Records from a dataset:
————
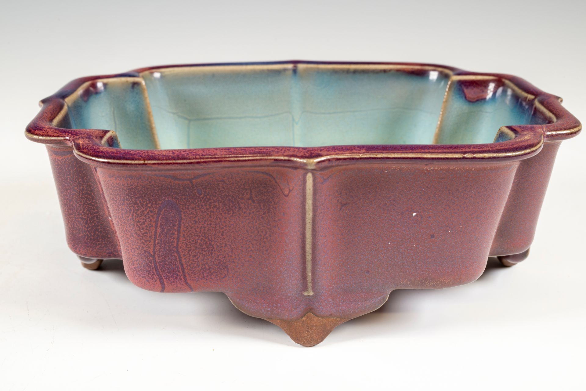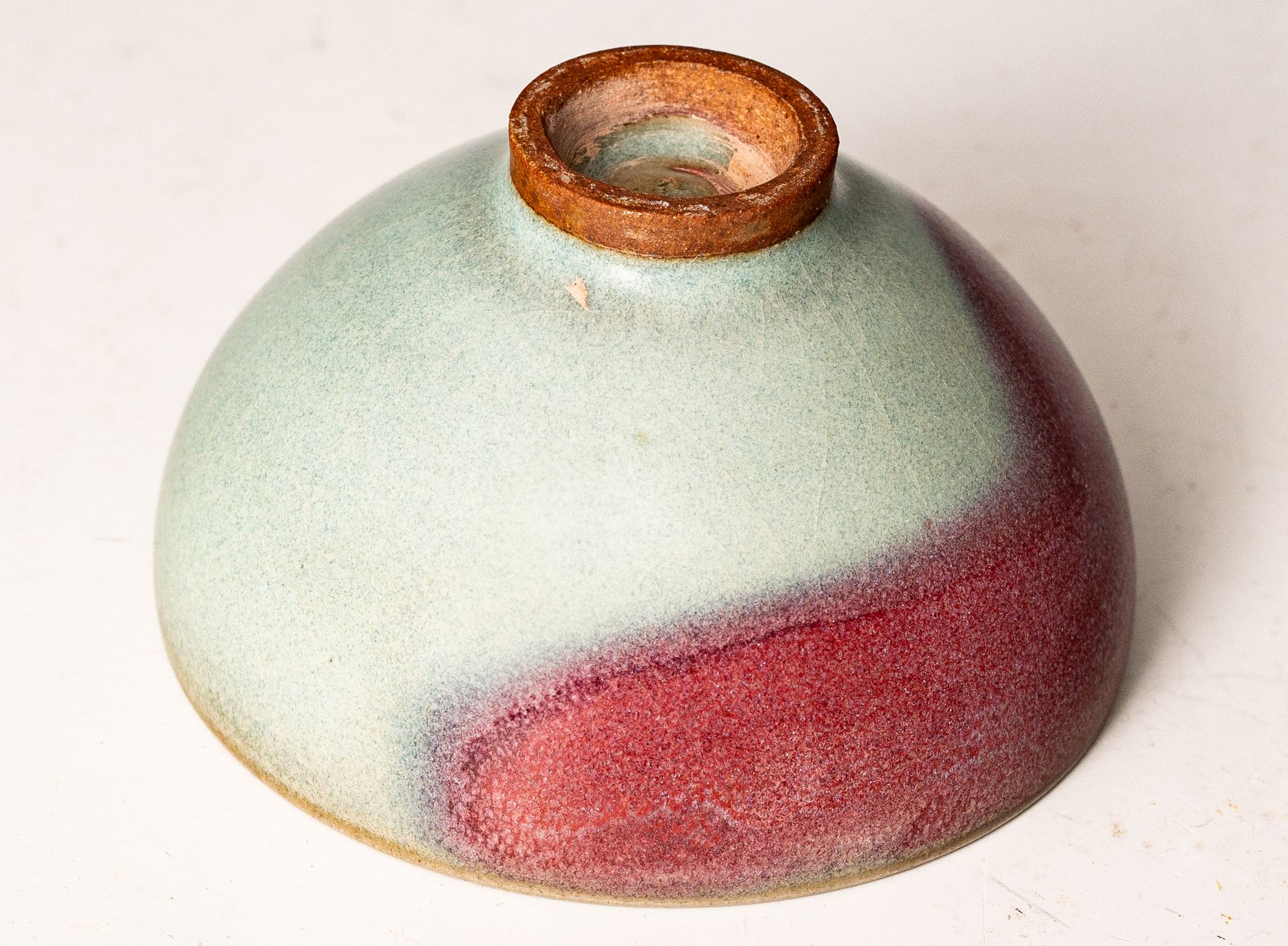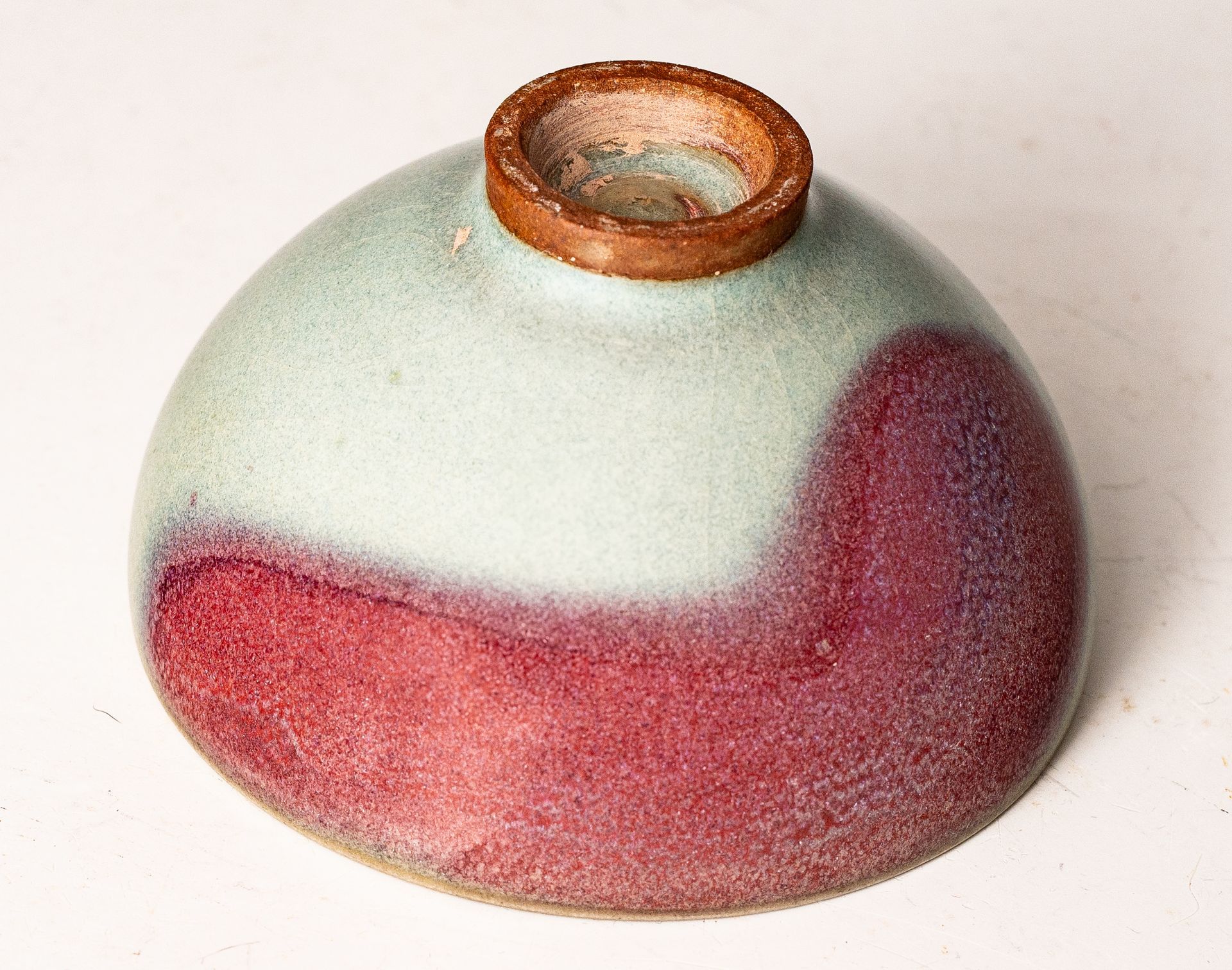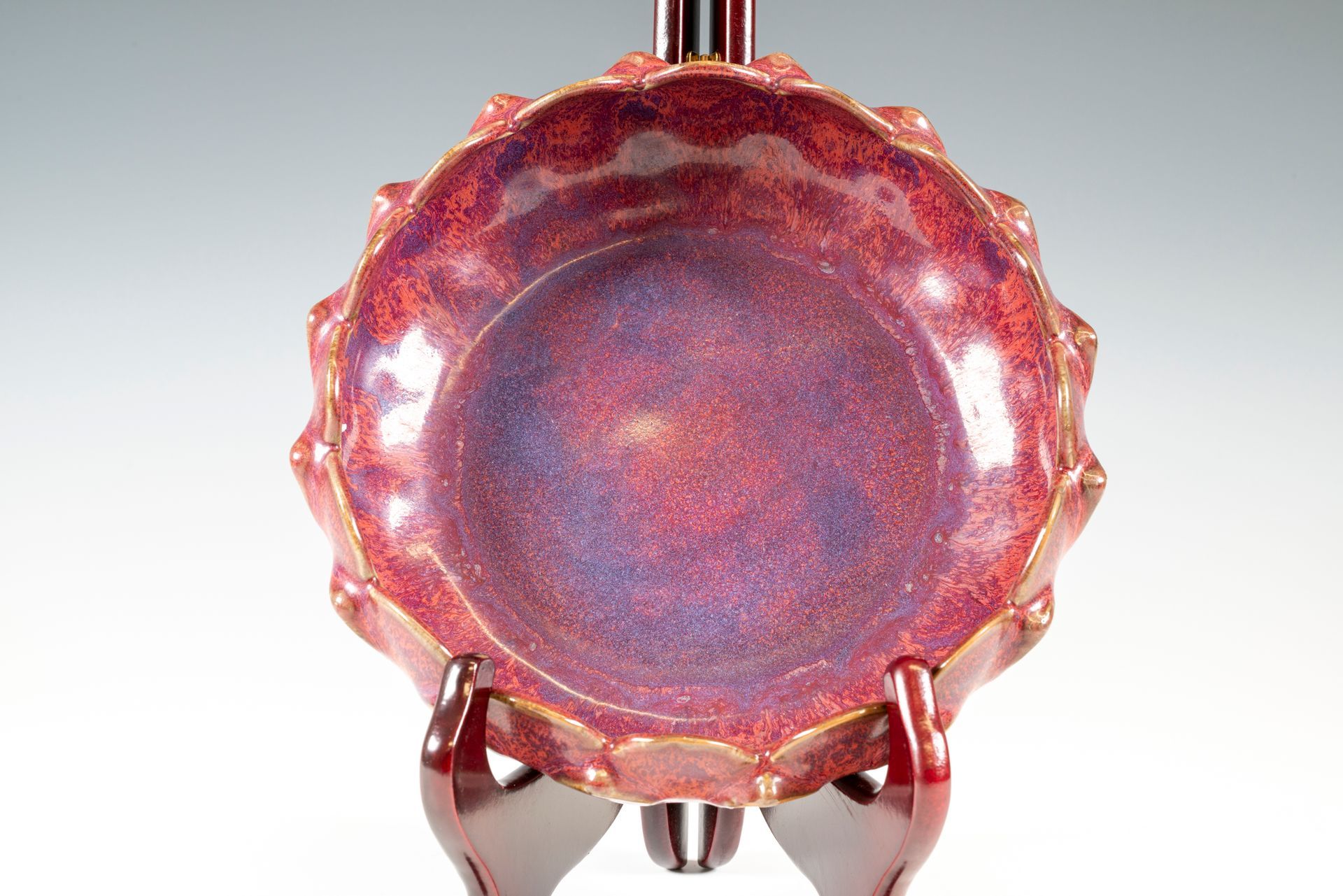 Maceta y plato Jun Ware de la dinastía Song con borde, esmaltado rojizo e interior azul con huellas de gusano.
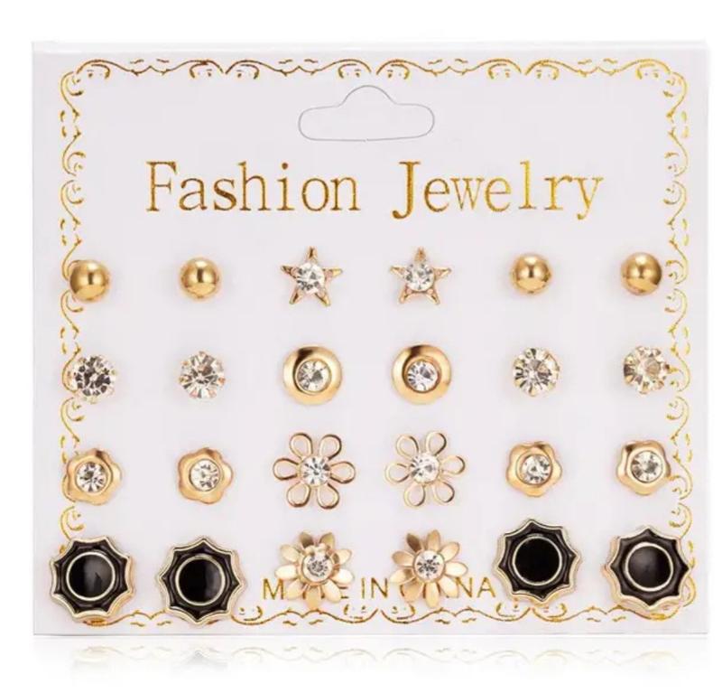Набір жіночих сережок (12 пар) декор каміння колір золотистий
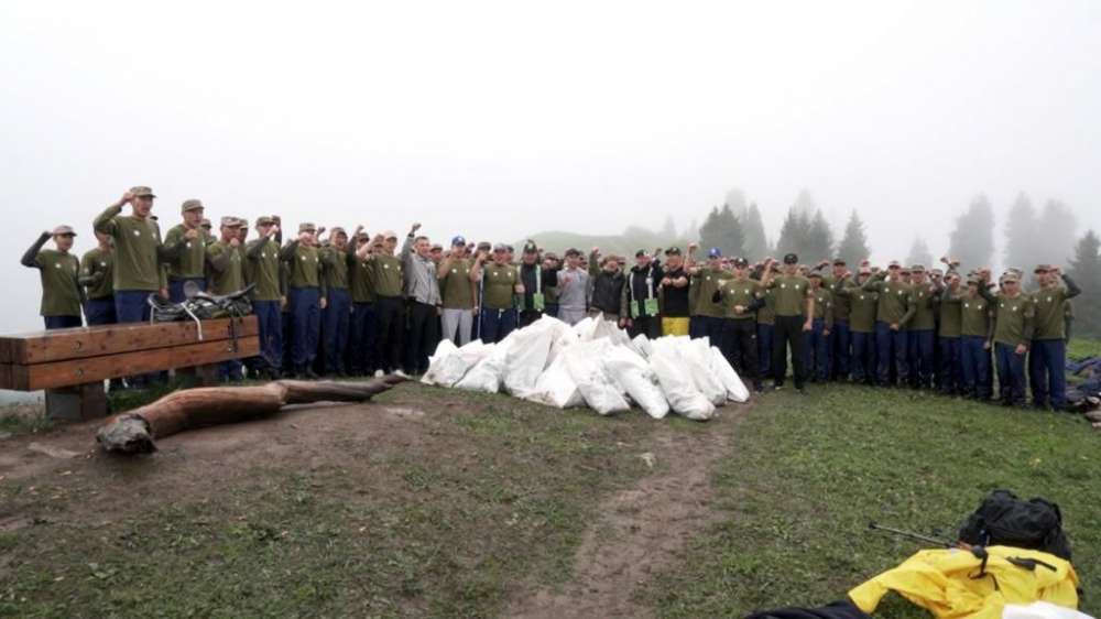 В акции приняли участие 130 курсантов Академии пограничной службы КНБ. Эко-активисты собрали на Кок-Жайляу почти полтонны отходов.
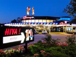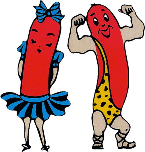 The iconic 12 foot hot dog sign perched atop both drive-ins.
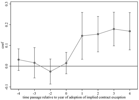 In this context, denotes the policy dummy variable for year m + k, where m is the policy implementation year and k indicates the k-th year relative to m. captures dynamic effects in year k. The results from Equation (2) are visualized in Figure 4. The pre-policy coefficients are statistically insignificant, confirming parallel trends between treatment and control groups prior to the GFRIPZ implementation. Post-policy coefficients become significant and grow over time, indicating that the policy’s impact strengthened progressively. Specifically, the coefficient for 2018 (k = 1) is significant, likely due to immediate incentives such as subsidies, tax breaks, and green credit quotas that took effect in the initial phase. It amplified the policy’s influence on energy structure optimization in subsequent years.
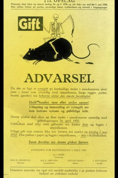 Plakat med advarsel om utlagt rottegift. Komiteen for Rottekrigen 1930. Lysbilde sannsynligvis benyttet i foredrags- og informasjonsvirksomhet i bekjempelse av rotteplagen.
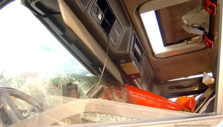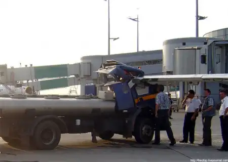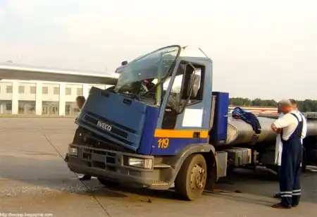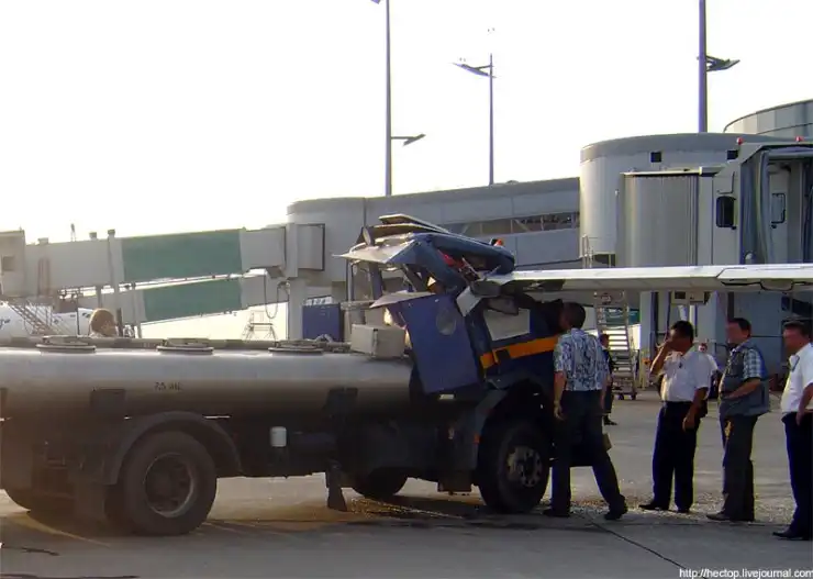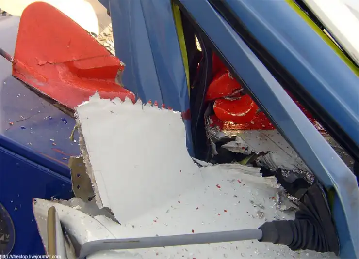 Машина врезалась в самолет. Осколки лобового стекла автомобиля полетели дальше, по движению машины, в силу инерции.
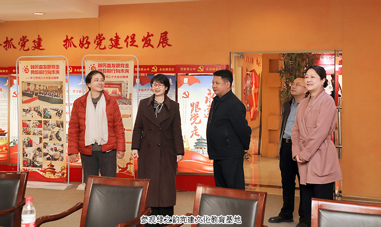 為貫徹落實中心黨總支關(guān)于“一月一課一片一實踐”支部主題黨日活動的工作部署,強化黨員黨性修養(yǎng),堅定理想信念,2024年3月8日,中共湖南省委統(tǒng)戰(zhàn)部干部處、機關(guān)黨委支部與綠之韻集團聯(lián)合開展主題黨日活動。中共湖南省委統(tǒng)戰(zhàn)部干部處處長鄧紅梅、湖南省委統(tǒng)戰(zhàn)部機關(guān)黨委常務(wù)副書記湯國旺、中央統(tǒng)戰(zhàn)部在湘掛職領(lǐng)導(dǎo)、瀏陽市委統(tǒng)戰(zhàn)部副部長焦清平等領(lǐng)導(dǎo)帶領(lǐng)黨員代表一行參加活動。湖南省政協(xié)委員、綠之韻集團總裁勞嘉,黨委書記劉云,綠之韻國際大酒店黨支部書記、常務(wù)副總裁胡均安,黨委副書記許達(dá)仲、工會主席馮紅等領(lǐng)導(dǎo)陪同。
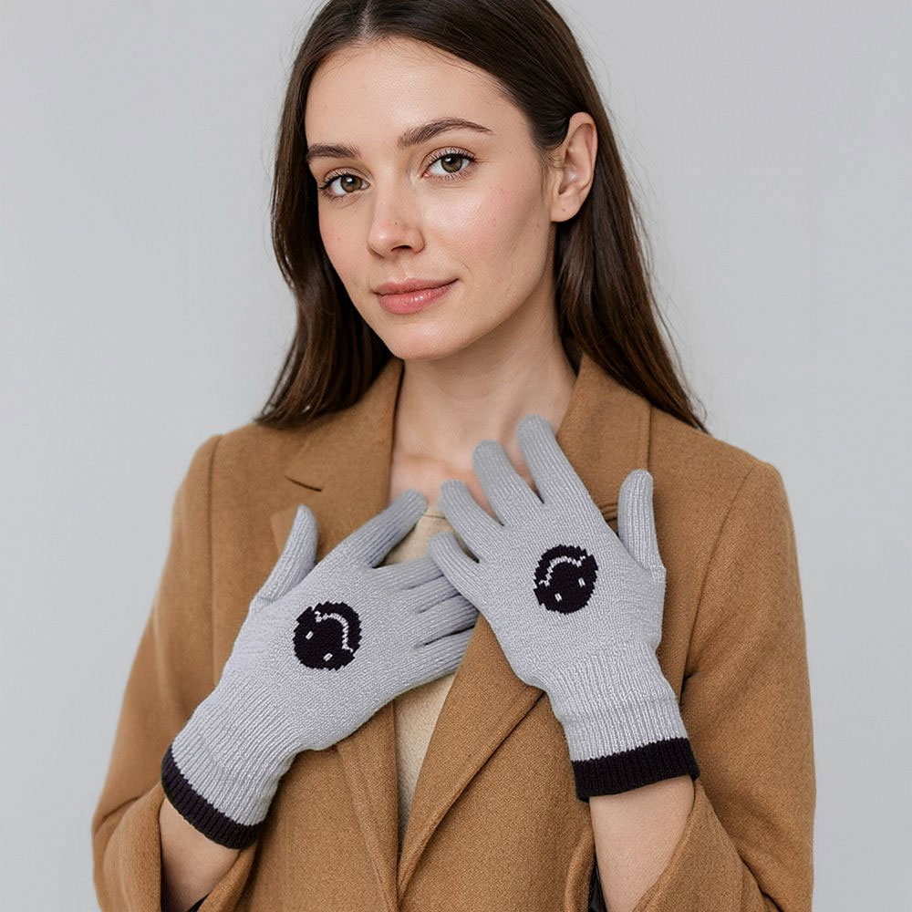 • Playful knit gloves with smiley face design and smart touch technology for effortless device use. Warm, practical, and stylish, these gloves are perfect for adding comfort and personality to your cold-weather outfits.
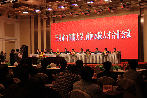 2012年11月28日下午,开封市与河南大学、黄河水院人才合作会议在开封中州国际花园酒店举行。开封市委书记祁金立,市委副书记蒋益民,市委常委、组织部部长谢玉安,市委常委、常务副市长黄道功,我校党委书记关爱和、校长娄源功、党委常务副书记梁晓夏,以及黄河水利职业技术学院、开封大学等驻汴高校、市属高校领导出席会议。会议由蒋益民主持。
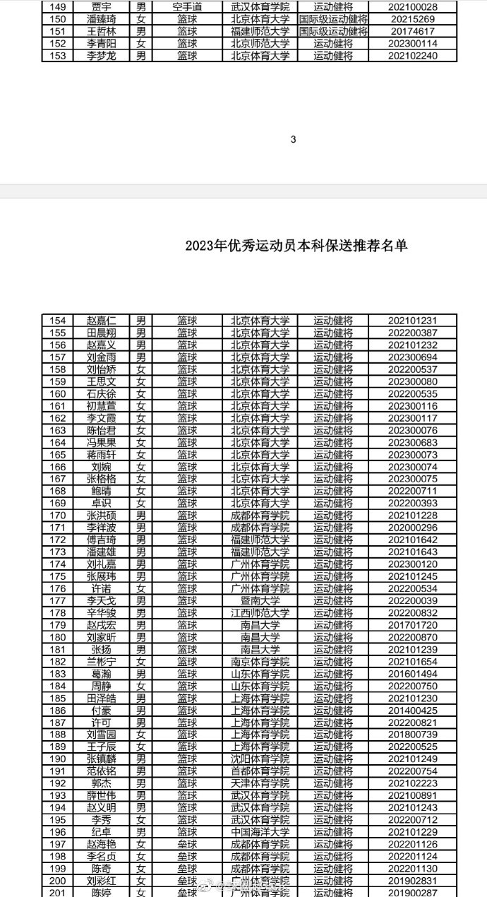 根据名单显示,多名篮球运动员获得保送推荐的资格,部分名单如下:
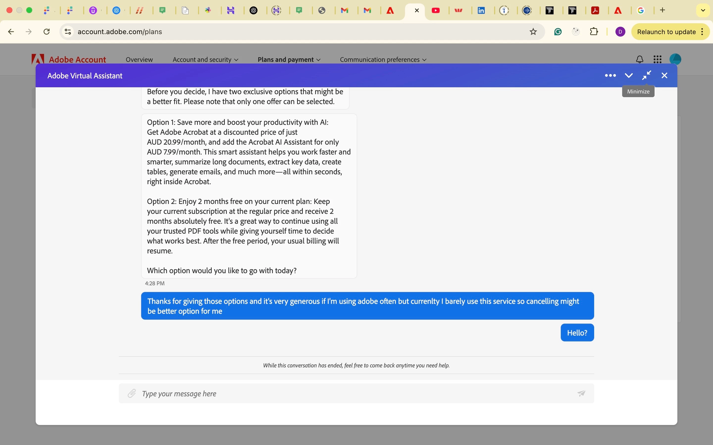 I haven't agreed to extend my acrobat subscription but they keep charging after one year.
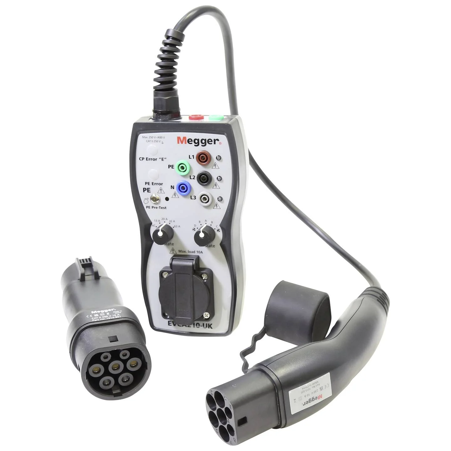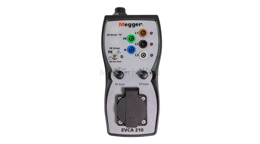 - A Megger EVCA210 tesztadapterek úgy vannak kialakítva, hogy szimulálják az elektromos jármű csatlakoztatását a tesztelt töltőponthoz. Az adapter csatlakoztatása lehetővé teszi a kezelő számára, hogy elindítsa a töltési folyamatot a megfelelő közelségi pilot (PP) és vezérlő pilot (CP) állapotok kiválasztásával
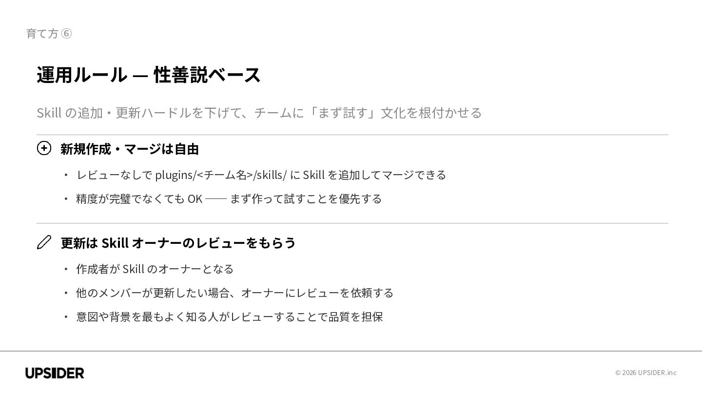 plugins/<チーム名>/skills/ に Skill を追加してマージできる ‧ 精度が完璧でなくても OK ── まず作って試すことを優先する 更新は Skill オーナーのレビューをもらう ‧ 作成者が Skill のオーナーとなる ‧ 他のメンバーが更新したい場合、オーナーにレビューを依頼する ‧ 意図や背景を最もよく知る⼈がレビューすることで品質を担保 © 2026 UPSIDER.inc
————
> _What is being asked_
Copy the lines above exactly. Do not include pictures.

> _Response for this exercise_
 Maceta y plato Jun Ware de la dinastía Song con borde, esmaltado rojizo e interior azul con huellas de gusano.
Набір жіночих сережок (12 пар) декор каміння колір золотистий
 В акции приняли участие 130 курсантов Академии пограничной службы КНБ. Эко-активисты собрали на Кок-Жайляу почти полтонны отходов.
 The iconic 12 foot hot dog sign perched atop both drive-ins.
 In this context, denotes the policy dummy variable for year m + k, where m is the policy implementation year and k indicates the k-th year relative to m. captures dynamic effects in year k. The results from Equation (2) are visualized in Figure 4. The pre-policy coefficients are statistically insignificant, confirming parallel trends between treatment and control groups prior to the GFRIPZ implementation. Post-policy coefficients become significant and grow over time, indicating that the policy’s impact strengthened progressively. Specifically, the coefficient for 2018 (k = 1) is significant, likely due to immediate incentives such as subsidies, tax breaks, and green credit quotas that took effect in the initial phase. It amplified the policy’s influence on energy structure optimization in subsequent years.
 Plakat med advarsel om utlagt rottegift. Komiteen for Rottekrigen 1930. Lysbilde sannsynligvis benyttet i foredrags- og informasjonsvirksomhet i bekjempelse av rotteplagen.
 Машина врезалась в самолет. Осколки лобового стекла автомобиля полетели дальше, по движению машины, в силу инерции.
 為貫徹落實中心黨總支關(guān)于“一月一課一片一實踐”支部主題黨日活動的工作部署,強化黨員黨性修養(yǎng),堅定理想信念,2024年3月8日,中共湖南省委統(tǒng)戰(zhàn)部干部處、機關(guān)黨委支部與綠之韻集團聯(lián)合開展主題黨日活動。中共湖南省委統(tǒng)戰(zhàn)部干部處處長鄧紅梅、湖南省委統(tǒng)戰(zhàn)部機關(guān)黨委常務(wù)副書記湯國旺、中央統(tǒng)戰(zhàn)部在湘掛職領(lǐng)導(dǎo)、瀏陽市委統(tǒng)戰(zhàn)部副部長焦清平等領(lǐng)導(dǎo)帶領(lǐng)黨員代表一行參加活動。湖南省政協(xié)委員、綠之韻集團總裁勞嘉,黨委書記劉云,綠之韻國際大酒店黨支部書記、常務(wù)副總裁胡均安,黨委副書記許達(dá)仲、工會主席馮紅等領(lǐng)導(dǎo)陪同。
 • Playful knit gloves with smiley face design and smart touch technology for effortless device use. Warm, practical, and stylish, these gloves are perfect for adding comfort and personality to your cold-weather outfits.
 2012年11月28日下午,开封市与河南大学、黄河水院人才合作会议在开封中州国际花园酒店举行。开封市委书记祁金立,市委副书记蒋益民,市委常委、组织部部长谢玉安,市委常委、常务副市长黄道功,我校党委书记关爱和、校长娄源功、党委常务副书记梁晓夏,以及黄河水利职业技术学院、开封大学等驻汴高校、市属高校领导出席会议。会议由蒋益民主持。
 根据名单显示,多名篮球运动员获得保送推荐的资格,部分名单如下:
 I haven't agreed to extend my acrobat subscription but they keep charging after one year.
 - A Megger EVCA210 tesztadapterek úgy vannak kialakítva, hogy szimulálják az elektromos jármű csatlakoztatását a tesztelt töltőponthoz. Az adapter csatlakoztatása lehetővé teszi a kezelő számára, hogy elindítsa a töltési folyamatot a megfelelő közelségi pilot (PP) és vezérlő pilot (CP) állapotok kiválasztásával
 plugins/<チーム名>/skills/ に Skill を追加してマージできる ‧ 精度が完璧でなくても OK ── まず作って試すことを優先する 更新は Skill オーナーのレビューをもらう ‧ 作成者が Skill のオーナーとなる ‧ 他のメンバーが更新したい場合、オーナーにレビューを依頼する ‧ 意図や背景を最もよく知る⼈がレビューすることで品質を担保 © 2026 UPSIDER.inc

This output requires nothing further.